In a feedforward neural network, like CNNs, units are organized into layers and the units at a given layer only get input from units in the layer below (i.e. no inputs from other units at the same layer, later layers, or—in most cases—layers more than one before the current layer). However unlike standard vanilla feedforward networks, units in a CNN have a spatial arrangement. At each layer, units are organized into 2-D grids called feature maps. Each of these feature maps is the result of a convolution (hence the name) performed on the layer below. The parameters of the neural network have a relationship with the error the network produces, and when the parameters change, the error does, too. Researchers change the parameters to minimize error using optimization algorithms. This means that the same convolutional filter (set of weights) is applied at each location in the layer below. Therefore a unit at a particular location on the 2-D grid can only receive input from units at a similar location at the layer below. Furthermore, the weights attached to the inputs are the same for each unit in a feature map and different across feature maps.
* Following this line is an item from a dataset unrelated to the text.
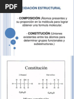 Constitución: Uniones existentes entre los átomos, lo que se traduce en la determinación de los grupos funcionales y
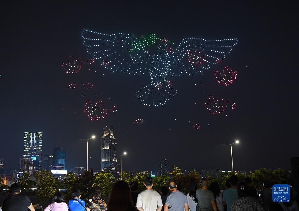 9月30日,无人机在维港上空拼成和平鸽造型。新华社记者 陈铎摄

After the convolution and nonlinearity, a few other computations are usually done. One possible computation, though no longer popular in modern high-performing CNNs, is cross-feature normalization. Here the activity of a unit at a particular spatial location in a feature map is divided by the activity of units at the same location in other feature maps. A more common operation is pooling. Here, the maximum activity in a small spatial area of each each 2-D feature map grid is used to represent that area. This shrinks the size of the feature maps. This set of operations (convolution+nonlin[—->normalization]—> pooling) is collectively referred to as a “layer.” The architecture of a network is defined by the number of layers and choices about various parameters associated with them (e.g. the size of the convolutional filters, etc). After obtaining features using convolution, researchers use them for classification. In theory, one could use all the extracted features with a classifier such as a softmax function, but this can be computationally challenging.
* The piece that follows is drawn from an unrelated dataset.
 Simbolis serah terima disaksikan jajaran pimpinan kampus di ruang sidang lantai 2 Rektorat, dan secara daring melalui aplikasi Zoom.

Most modern CNNs have at least five of these layers, the final of which feeds into a fully-connected layer. Fully-connected layers are like standard feedforward networks in that they do not have a spatial layout or restricted connectivity. Frequently 2-3 fully connected layers are used in a row and the final layer of the network performs a classification. If the network is performing a 10-way object classification, for example, the final layer will have 10 units and a softmax function will be applied to their activity levels to produce a probability associated with each category.
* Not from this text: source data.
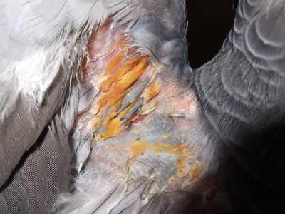 エリザベスカラーを逆向けにつけているので(てるてるボーズみたいに)、翼を思いきり開いたり、羽ばたいたときに丁度この部分が擦れるのだ。
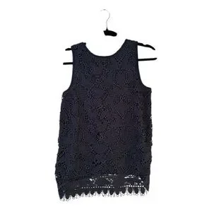 Elegant navy blue lace sleeveless top. Perfect for layering or wearing alone.
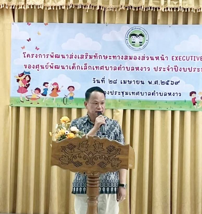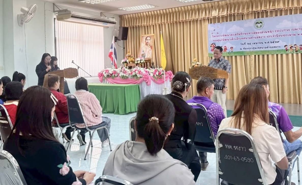 วันที่ 28 เมษายน 2569 ที่ผ่านมา ว่าที่ พ.ต.ต.วรเมธ ธรรมจันตา นายกเทศมนตรีตำบลหงาว เป็นประธานเปิดโครงการพัฒนาส่งเสริมทักษะทางสมองส่วนหน้า Executive Function (EF) ประจำปีงบประมาณ พ.ศ. 2569 ของศูนย์พัฒนาเด็กเล็กเทศบาลตำบลหงาว อำเภอเทิง จังหวัดเชียงราย โดยมีผู้ปกครองนักเรียน ครู และบุคลากรทางการศึกษา เข้ารับการอบรมในครั้งนี้ เพื่อสร้างความรู้ความเข้าใจแก่ผู้ปกครองและผู้มีส่วนเกี่ยวข้องกับการพัฒนาส่งเสริมทักษะสมองส่วนหน้า (EF)
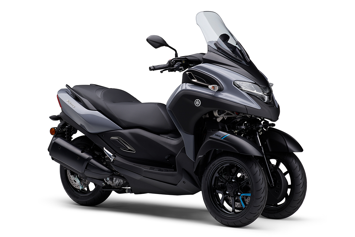 The TRICITY 300 is a 300cc LMW*1 commuter model using Yamaha Motor’s proprietary Leaning Multi-Wheel (LMW) technology*2 for its two front wheels, and was developed based on the product concept of “The Smartest Way to Commute.” The design concept was “Your Right Hand” (for supporting your work/business), and to work the LMW steering linkage into the design itself, the front uses an inverted triangular form to create a more three-dimensional look and feel. Further, creating space around where the LMW apparatus functions helps communicate a light and agile feel, while the concentration of mass around the rider and the slanted stance lines seen from the front and side views create the firmly planted look unique to LMWs.

These networks are largely trained with supervised learning and backpropagation. Here, pairs of images and their associated category label are given to the network. Image pixel values feed into the first layer of the network and the final layer of the network produces a predicted category. If this predicted label doesn’t match the provided one, gradients are calculated that determine how the weight ,i.e. the values in the convolutional filters, should change in order to make the classification correct. Most of these networks are trained on the ImageNet database which contains over 1 million images from 1000 object categories produces models that can have very high levels of accuracy on held-out test images. Variants of CNNs now reach 4.94% error rates or lower, better than human-level performance. Many training “tricks” are usually needed to get this to work well such as smart learning rate choice and weight regularization mostly via dropout, where a random half of the weights are turned off at each training stage.

Historically, unsupervised pre-training was used to initialize the weights, which were then refined with supervised learning. However, this no longer appears necessary for good performance. For an in-depth neuroscientist-friendly introduction to CNNs, check out Deep Neural Networks: A New Framework for Modeling Biological Vision and Brain Information Processing.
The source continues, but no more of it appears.